**Listed records**

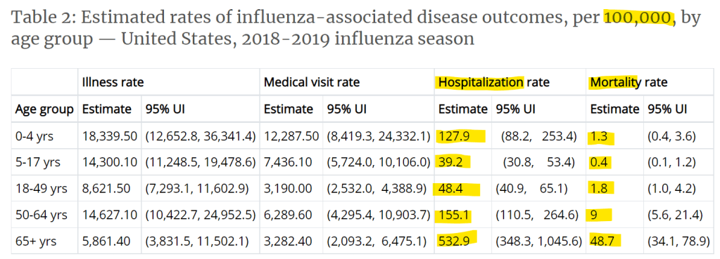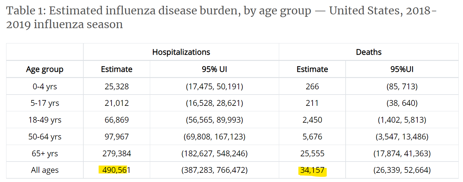 For the last full year before COVID-19, the CDC produces an estimate of the number of hospitalizations and deaths from Influenza in a detailed report for the 2018-19 United States Influenza season.
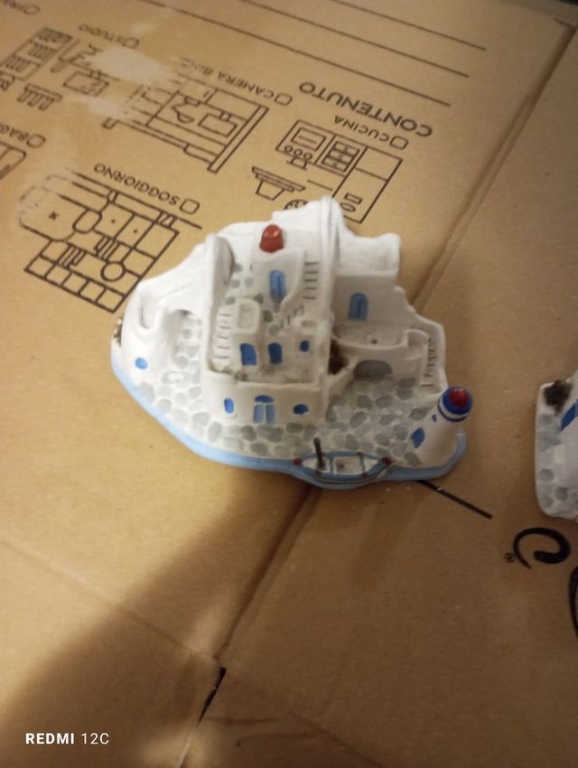 Dettagli del prodottoSet di 3 mini casette tipiche greche, acquistate ad Atene. Rappresentano l'architettura tradizionale delle isole greche.
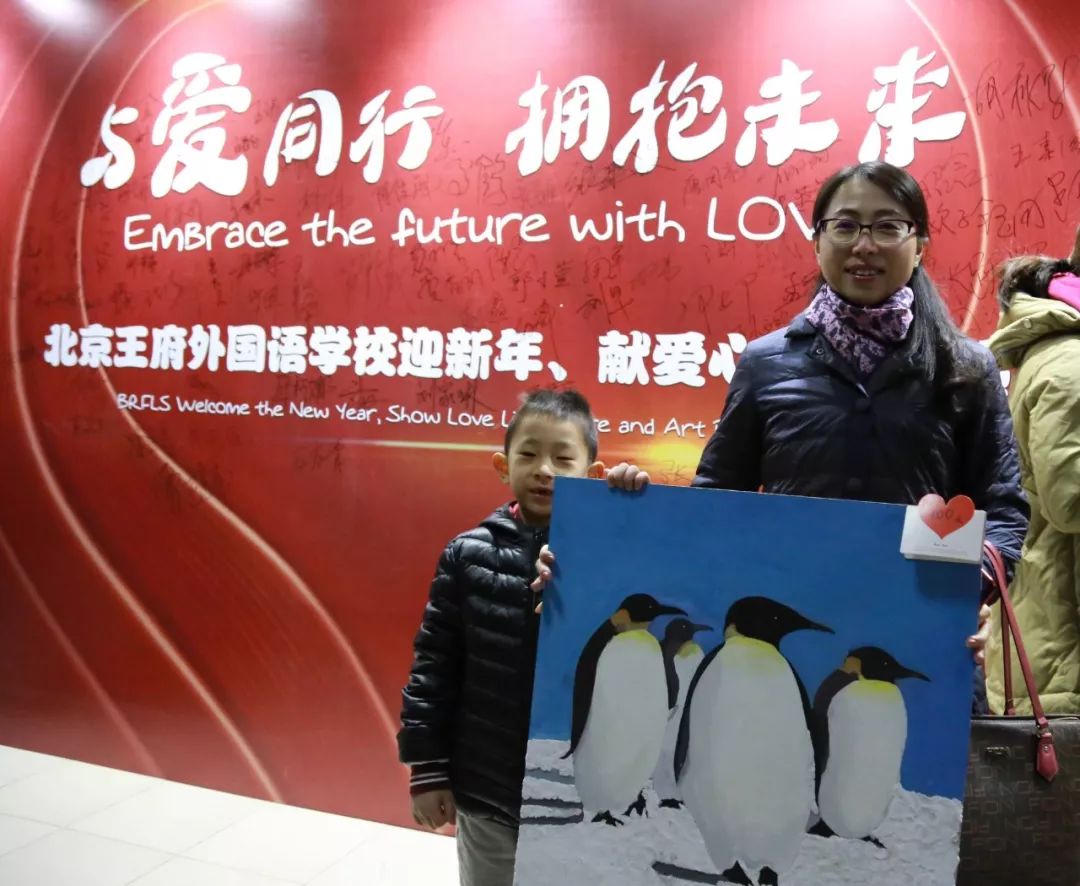 王府娃画作的爱心义卖展,吸引了来校家长们的驻足欣赏。演出开始前,就有多幅画作被家长们拍走。所得善款,将汇入爱的事业,温暖需要的人。
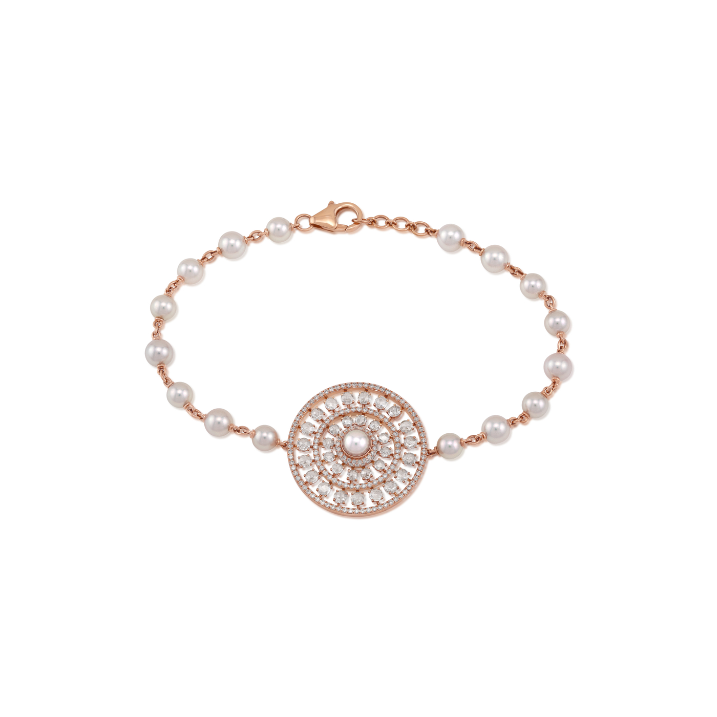 An elegant bracelet showcasing round rose-cut and full-cut diamonds with exquisite Japanese Akoya pearls.
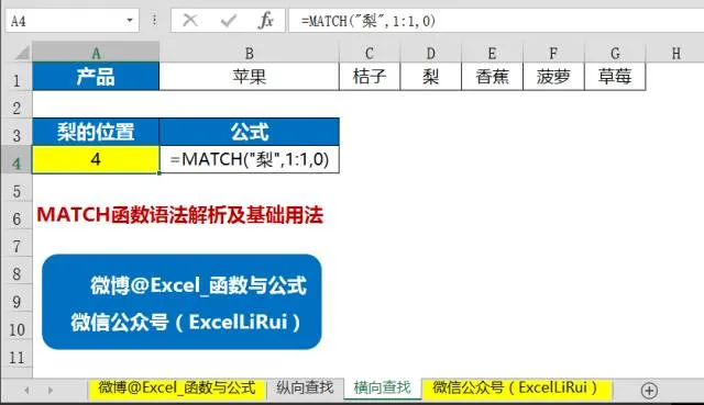 连起来就是在第一行中查找和“梨”完全匹配的数据,并返回其位置。

**Work instructions**
Write out the material above once more, exactly as it reads, with no pictures.

**Result for this task**
 For the last full year before COVID-19, the CDC produces an estimate of the number of hospitalizations and deaths from Influenza in a detailed report for the 2018-19 United States Influenza season.
 Dettagli del prodottoSet di 3 mini casette tipiche greche, acquistate ad Atene. Rappresentano l'architettura tradizionale delle isole greche.
 王府娃画作的爱心义卖展,吸引了来校家长们的驻足欣赏。演出开始前,就有多幅画作被家长们拍走。所得善款,将汇入爱的事业,温暖需要的人。
 An elegant bracelet showcasing round rose-cut and full-cut diamonds with exquisite Japanese Akoya pearls.
 连起来就是在第一行中查找和“梨”完全匹配的数据,并返回其位置。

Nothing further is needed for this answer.